Required action>
Could you return every record below exactly as it stands, leaving out the pictures?

[Stored data entries]
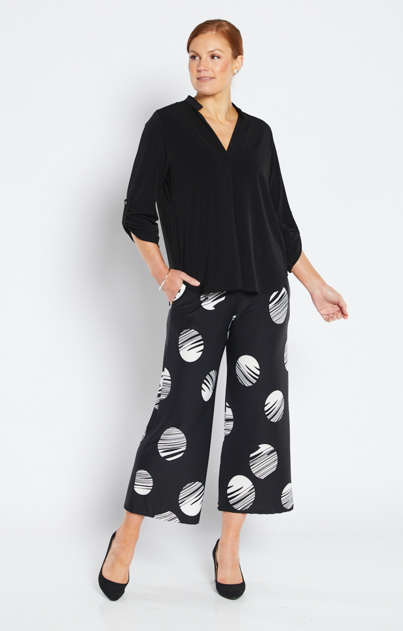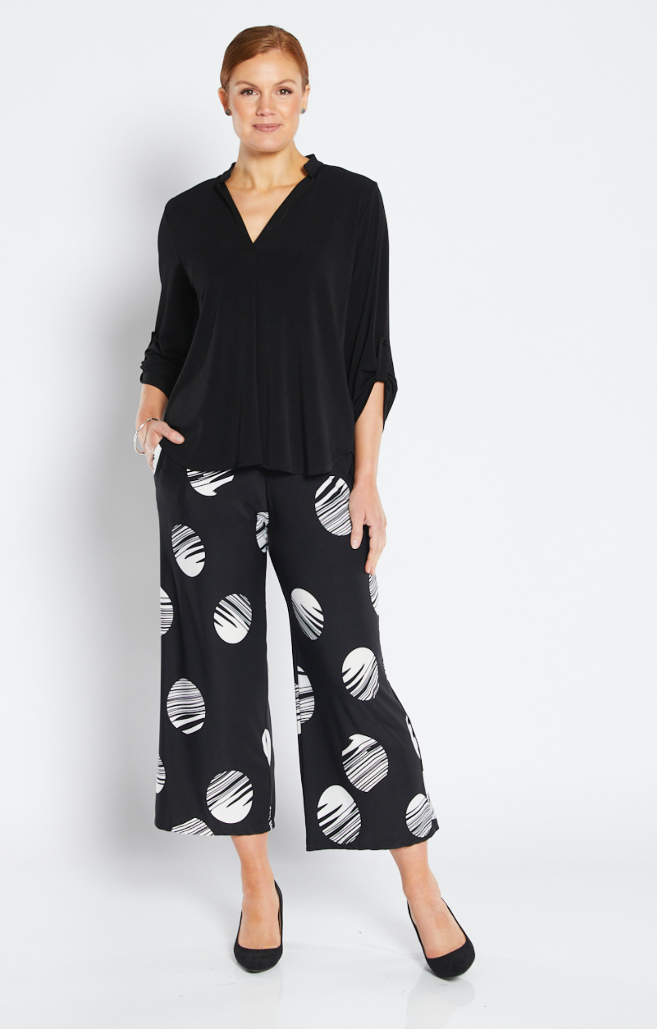 Easy wear - an elasticated waistband for pull on comfort, with pockets in classic black and white to mix and match with your wardrobe.
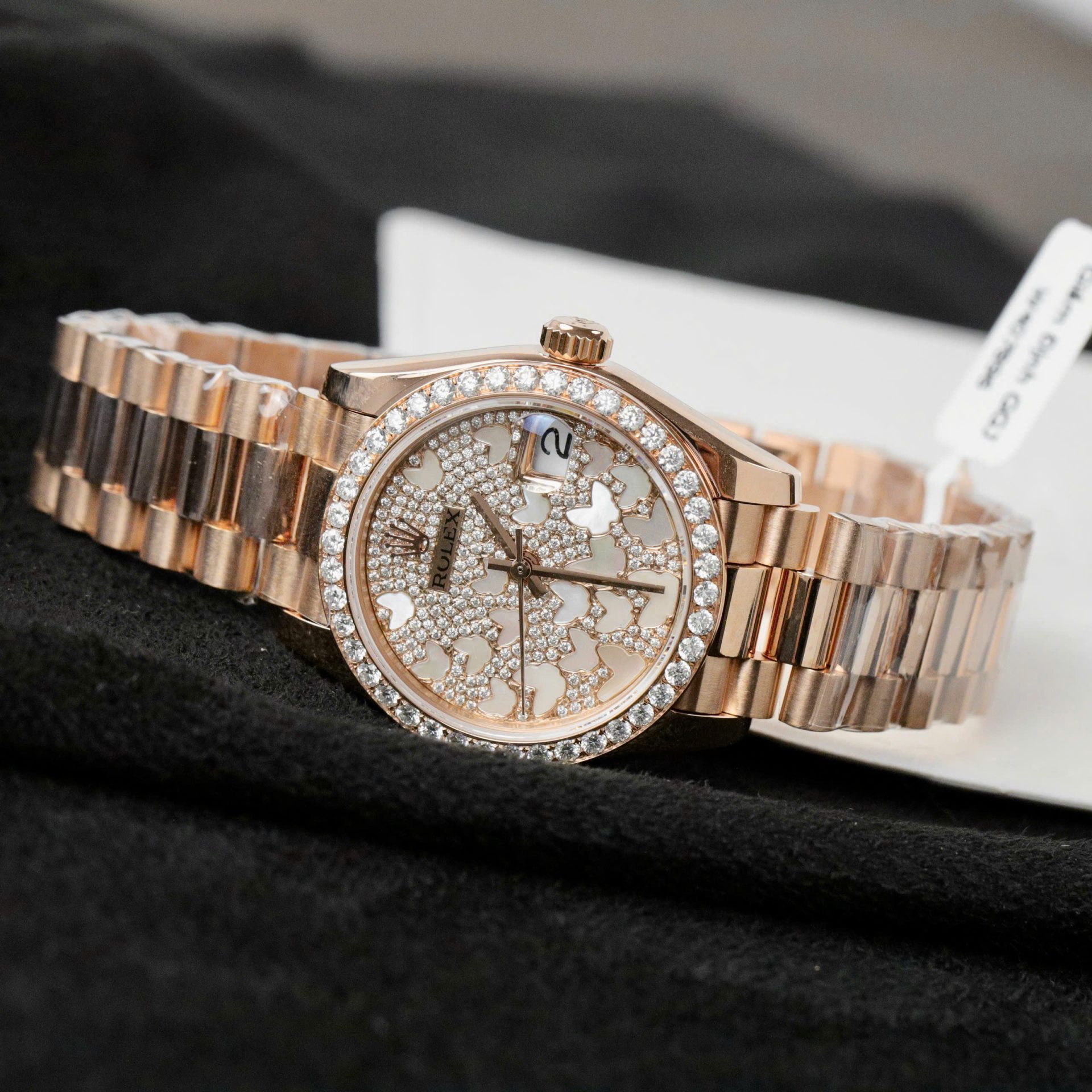 Rolex DateJust Butterfly Dial Copies Watches Rose Gold Wrapped 18K + Diamonds Moissanite 31mm
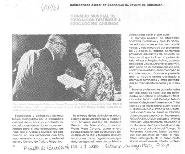 Consejo mundial de educación distingue a educadores chilenos. [artículo]
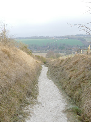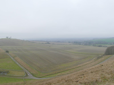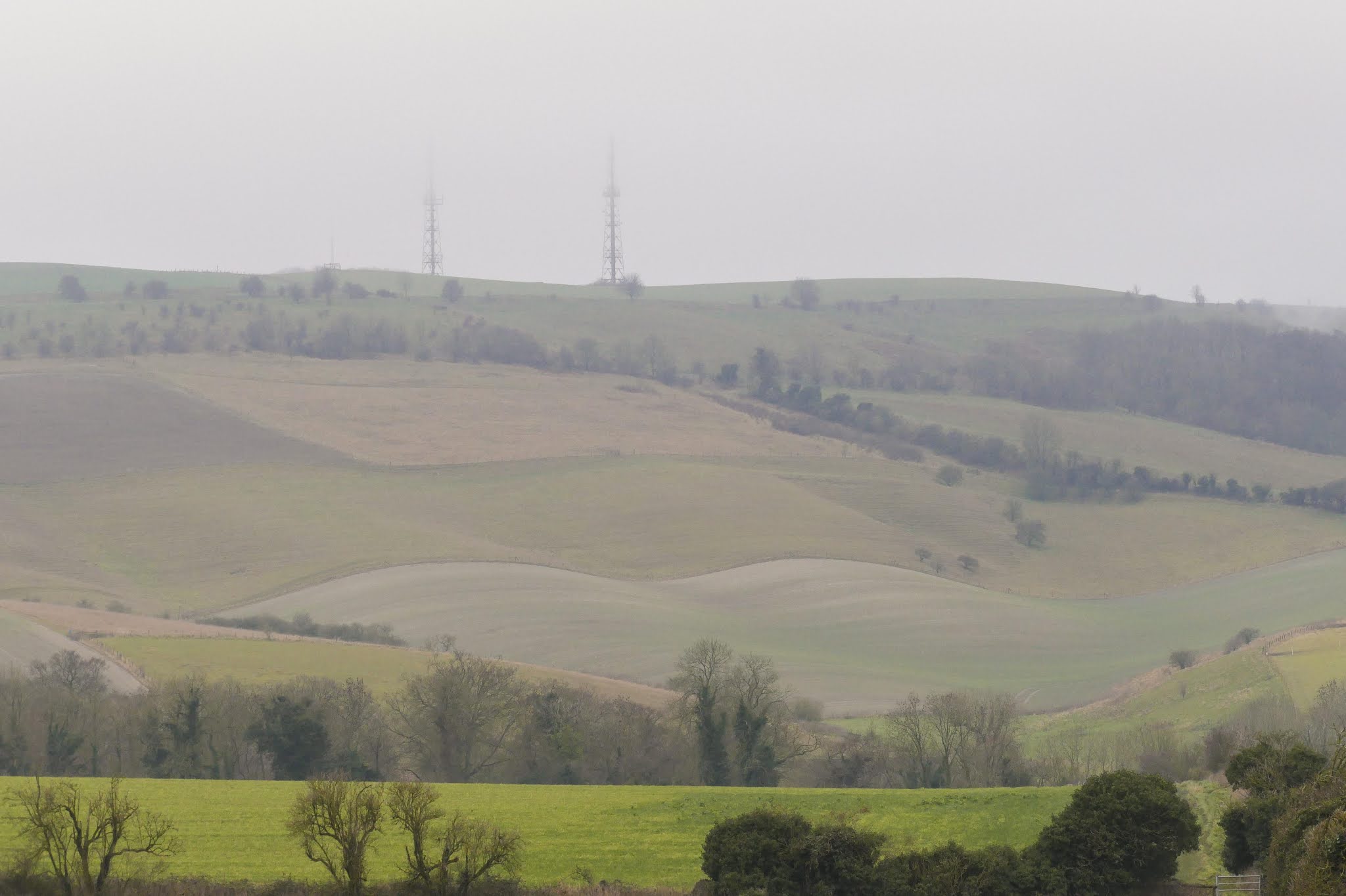 3) Along this stretch, you will begin to get wonderful views of the area. First the hill at Cherhill Downs, upon which are Oldbury Barrows, a collection of round barrows and a pond barrow, which Grinsell dated to the Bronze Age.You'll also see the communication masts up on Morgan's Hill, which will feature in a future walk.
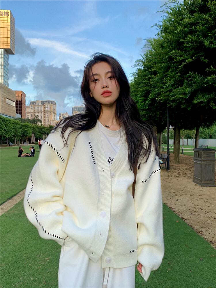 トップス アウター レディース ニットカーディガン 長袖 ドロップショルダー Vネック ゆったり ゆる ルーズ ステッチライン 大人可愛い シンプル カジュアル 大人 おしゃれ お洒落 かっこいい 大人女子 こなれ感 ラフ メンズライク マニッシュ ボーイッシュ 存在感 抜け感 S M L 白 ホワイト 黒 ブラック 無地 春 秋 冬 10代 20代 30代 40代 ママ 学生 通学 お出かけ 休日 定番 プレゼント ギフト 体型カバー 楽ちん 着回し 普段使い 重ね着 韓国 オルチャン
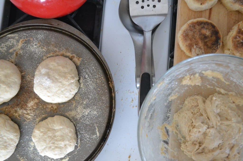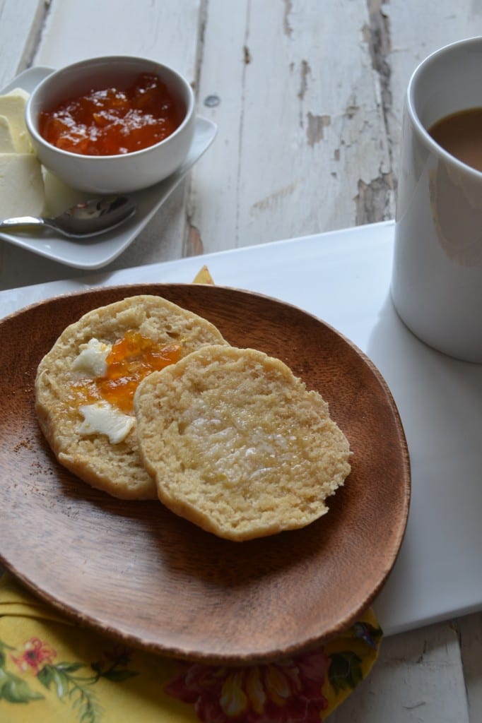 Let English muffins cool for 10 minutes before eating. Store in an air-tight container at room temperature for three days or freeze for up to a month.

Expected output>
 Easy wear - an elasticated waistband for pull on comfort, with pockets in classic black and white to mix and match with your wardrobe.
 Rolex DateJust Butterfly Dial Copies Watches Rose Gold Wrapped 18K + Diamonds Moissanite 31mm
 Consejo mundial de educación distingue a educadores chilenos. [artículo]
 3) Along this stretch, you will begin to get wonderful views of the area. First the hill at Cherhill Downs, upon which are Oldbury Barrows, a collection of round barrows and a pond barrow, which Grinsell dated to the Bronze Age.You'll also see the communication masts up on Morgan's Hill, which will feature in a future walk.
 トップス アウター レディース ニットカーディガン 長袖 ドロップショルダー Vネック ゆったり ゆる ルーズ ステッチライン 大人可愛い シンプル カジュアル 大人 おしゃれ お洒落 かっこいい 大人女子 こなれ感 ラフ メンズライク マニッシュ ボーイッシュ 存在感 抜け感 S M L 白 ホワイト 黒 ブラック 無地 春 秋 冬 10代 20代 30代 40代 ママ 学生 通学 お出かけ 休日 定番 プレゼント ギフト 体型カバー 楽ちん 着回し 普段使い 重ね着 韓国 オルチャン
 Let English muffins cool for 10 minutes before eating. Store in an air-tight container at room temperature for three days or freeze for up to a month.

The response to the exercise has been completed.